Вчера, извольте видеть, за мою жалость к ближнему человеку отчаянно пострадал и, может, даже предстану перед народным судом в ближайшем будущем.
Баста. Зачерствело мое сердце. Пущай ближний больше на меня не рассчитывает.
А шел я вчера по улице. Иду я вчера по улице и вижу – народ будто стоит скопившись подле ворот. И кто-то отчаянно охает. И кто-то руками трясет и вообще, вижу, происшествие. Подхожу. Спрашиваю, об чем шум.

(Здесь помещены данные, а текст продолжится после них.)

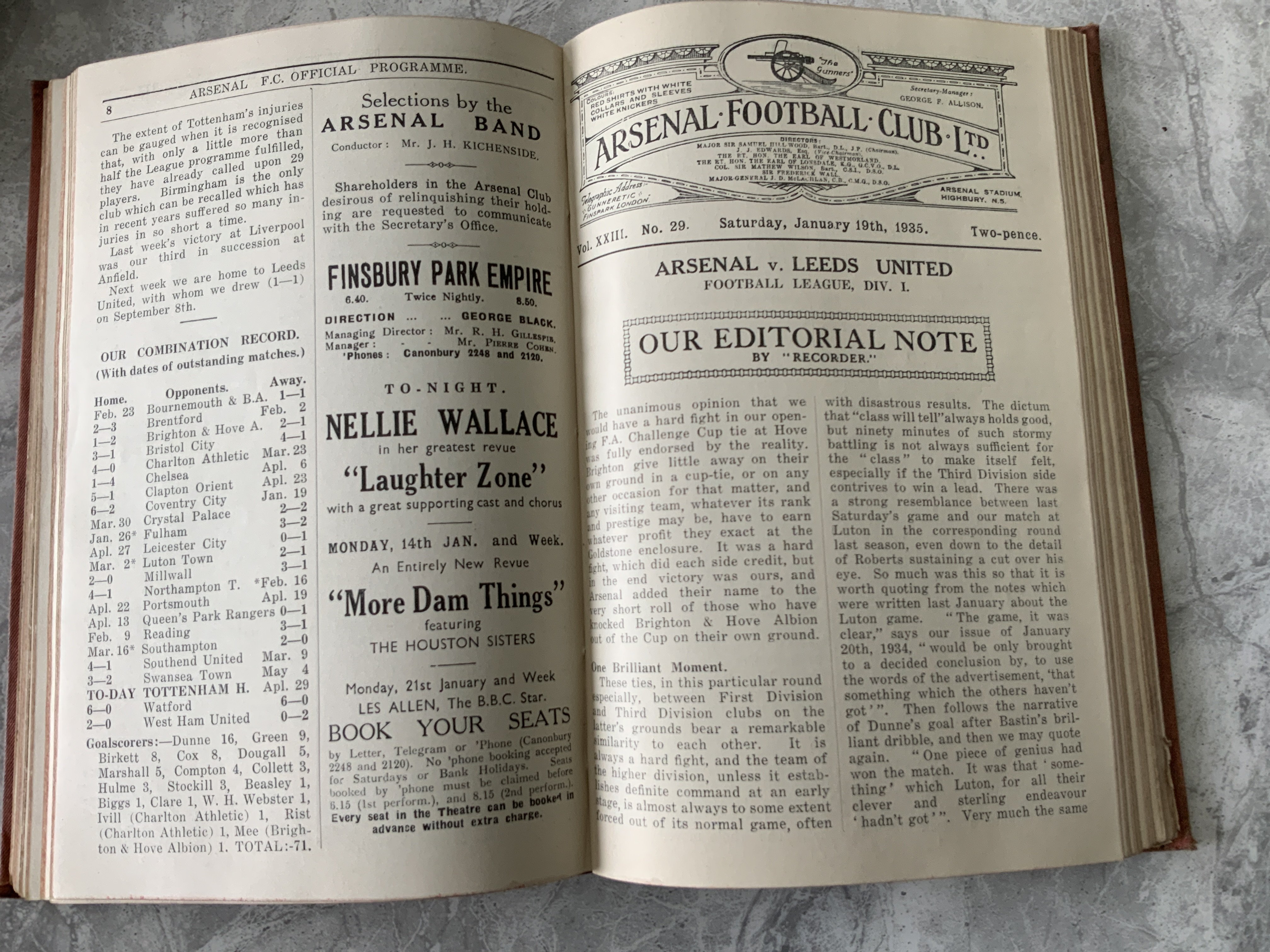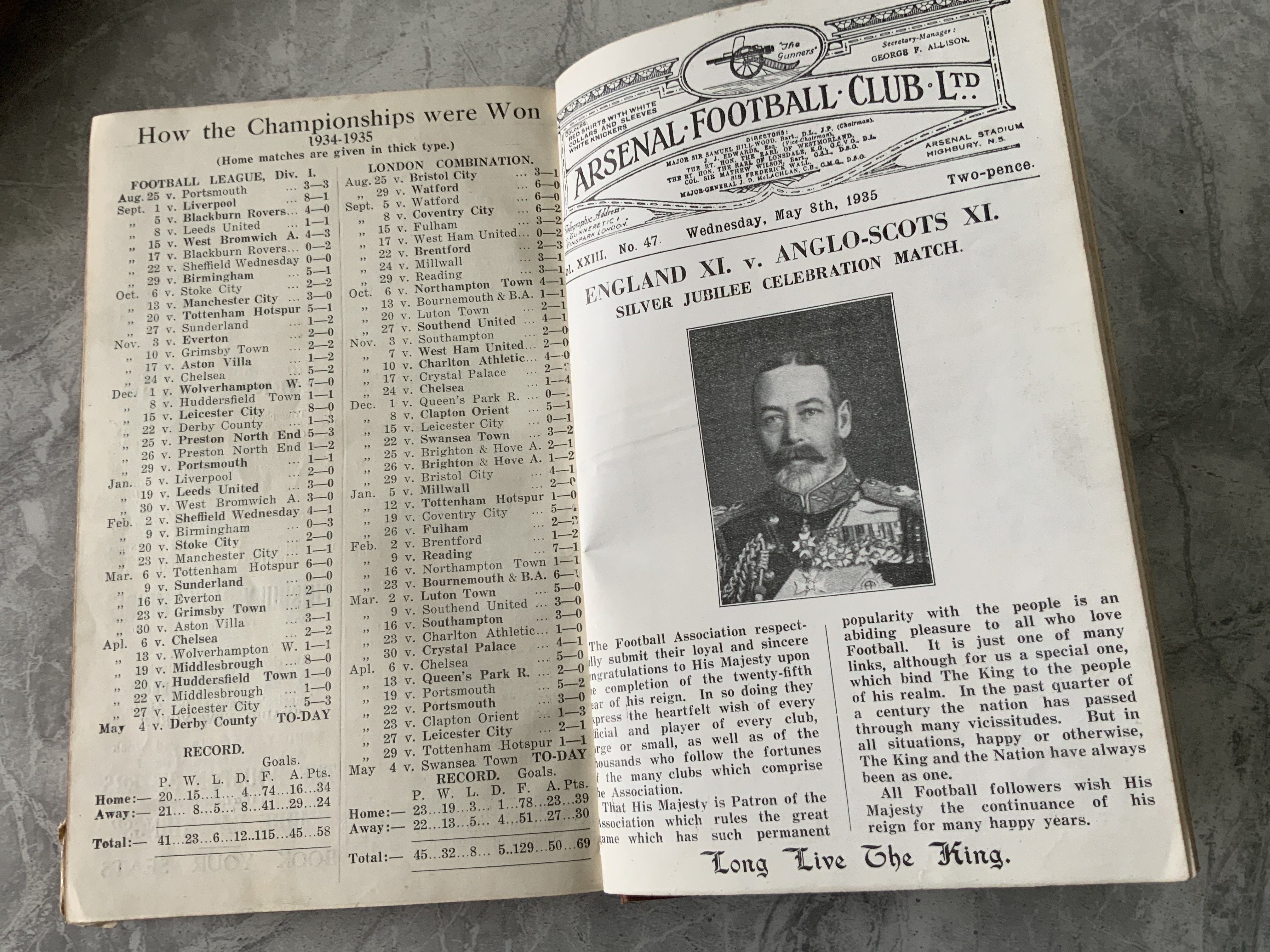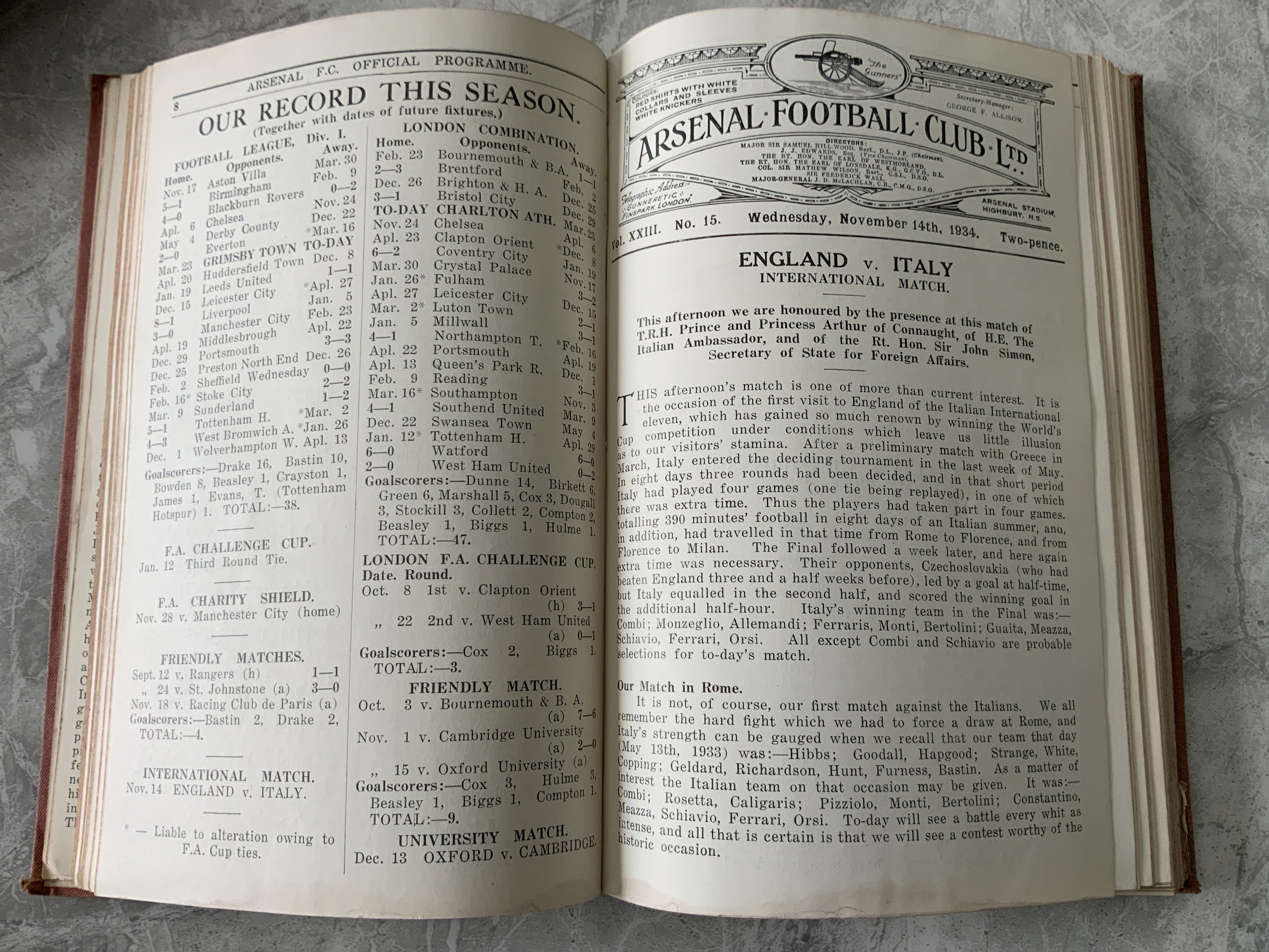 Arsenal 34/35 Bound Volume Of Football Programmes: Complete of all first team and reserves without covers. Additionally Arsenal v Rangers, England X1 v Anglo Scots X1, England v Italy and Oxford v Cambridge. Boards a bid faded with spine stating Programmes 1934/35. Programmes excellent. Arsenal won the championship this season.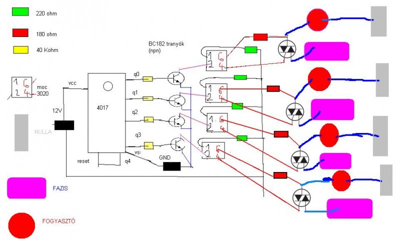 Szóval elkészült az áramköröm ami triakokkal vezérel izzókat egy 4017 segítségével, és nagyjából működik is, csak az a gondja, hogy az q1, és a q3 tehát az első és az utolsó kimenetből a triak csak kb 30V~ kapcsol. Tehát ha odakötök egy izzót akkor csak nagyon halványan világít. Szerintetek az IC-vel lehet probléma? Vagy az hogy még nincsennek hozzá izzóim, és csak 1 izzóval próbálgattam minden kimenetet? De kipróbáltam a tranzisztor collectorára meg a + tápra egy ledet kötni, és ottse mindig működött a led lillogása.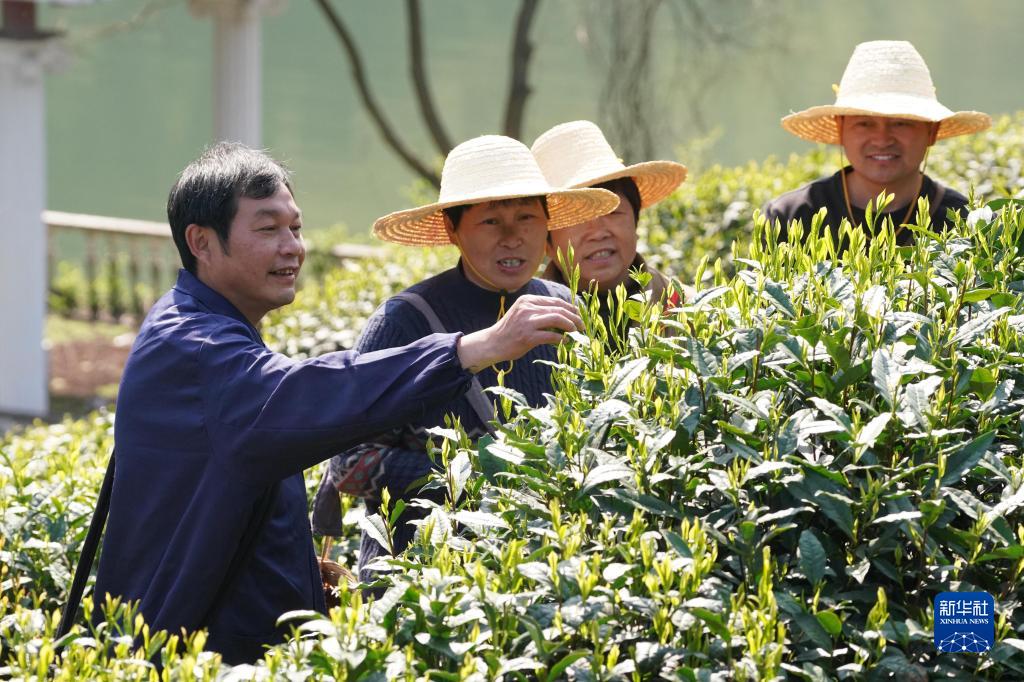 4月8日,在黃山市黃山區新明鄉猴坑村茶園,國家級非遺項目太平猴魁制作技藝代表性傳承人方繼凡(左一)在了解茶葉品質。

– Да вот, говорят, тут ногу сломал один гражданин. Идти теперь не может.
– Да уж, говорю, тут не до ходьбы.
Растолкал я публику, подхожу я ближе к месту действия. И вижу – какой-то человечишка действительно лежит на плитуаре. Морда у него отчаянно белая и нога в брюке сломана. И лежит он, сердечный друг, упершись башкой в самую тумбу, и бормочет:
– Мол, довольно склизко, граждане, извиняюсь. Шел и упал, конечно. Нога – вещь непрочная.
Сердце у меня горячее, жалости к людям много, и вообще не могу видеть гибель человека на улице.
– Братцы, говорю, да, может, он член союза. Надо же предпринять тем не менее.
И сам, конечно, бросаюсь в телефонную будку. Вызываю скорую помощь. Говорю: «Нога сломана у человека, поторопитесь по адресу».
Приезжает карета. В белых балахонах сходят оттеда четыре врача.
Разгоняют публику и укладывают пострадавшего человека на носилки.
Между прочим, вижу, этот человек совершенно не желает, чтобы его ложили на носилки. Пихает всех четырех врачей остатней здоровой ногой и до себя не допущает.
– Пошли вы, говорит, все четыре врача, туда-сюда.
Я, говорит, может, домой тороплюся.
И сам чуть, знаете, не плачет.
«Что, думаю, за смятение ума у человека?»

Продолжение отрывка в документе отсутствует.